1

I am trying to parse xml file with VTDGen library. It was perfect to parse xml till I am having trouble with over 1GB xml File.

This is a code how I parse it.

            VTDGen vg = new VTDGen();
            in = new SmbFileInputStream(fileToGet);
            byte[] b = new byte[(int) fileToGet.length()];
            in.read(b);             
            vg.setDoc(b);
            vg.parse(true);

This is an error I get it.

com.ximpleware.ParseException: Other error: file size too big >=1GB 

Is there any way I can increase size or should I write a code with a another parser?

Thank you in advance.

Tobias Roland
  • 1,182
  • 1
  • 13
  • 35
draford
  • 243
  • 1
  • 3
  • 15

2 Answers2

1

read about the limitations of VTD:

  • Upper limits of various fields: (1) For starting tags (the max Qname length is 2048; the prefix 512), overflow conditions result in parse exceptions. For other tokens (upper limit is 1M), one can potentially break a long token into multiple shorter ones.(2) Depth field overflow condition results in parse exceptions. (3) Starting offset: Currently the biggest document supported is 1G characters (1G bytes or 2G bytes, depending on actual document encoding).

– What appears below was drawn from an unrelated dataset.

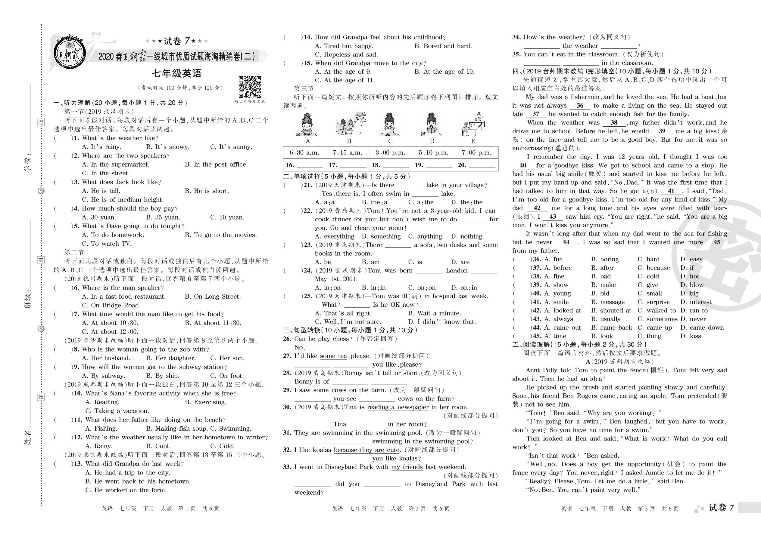 一线城市优质试题海淘精编卷(二)七年级下册英语(人教版)_R210807192950【7】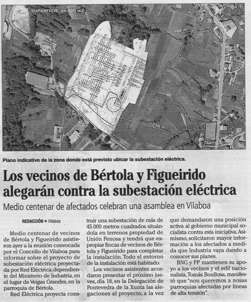 Por eso chama a atención que no concello limítrofe de Vilaboa o alcalde faga fronte común coa cidadanía no rexeitamento á construcción dunha subestación eléctrica. Se fora cousa boa, dende logo, non lle farían ascos. De aí que resulte anómala e sospeitosa a actitude do Concello de Marín e de colectivos cómplices como a Comunidade de Montes de San Xulián, que chimpan para o Pituco-Pornedo toda canta trapallada desbotan arredor.

From http://vtd-xml.sourceforge.net/userGuide/0.html

Mathis Hobden
  • 356
  • 2
  • 7
  • 19
  • I guess I have to write a new parser any recommendation for parser that handles over 1GB? – draford Dec 20 '13 at 19:31
  • you need to use a SAX based parser, because SAX parse data sequentially not like DOM based parsers which put the entire content in the virtual memory see this http://stackoverflow.com/questions/3969713/java-xml-parser-for-huge-files – Mathis Hobden Dec 20 '13 at 23:56
0

There are two ways to get around the issue:

  1. Use extended VTD-XML. It is part of the vtd-xml distribution, shares a very similar API, but is a standalone product by itself.
  2. Turn off namespace awareness, that will boost the max document size from 1 GB to 2GB
vtd-xml-author
  • 3,319
  • 4
  • 22
  • 30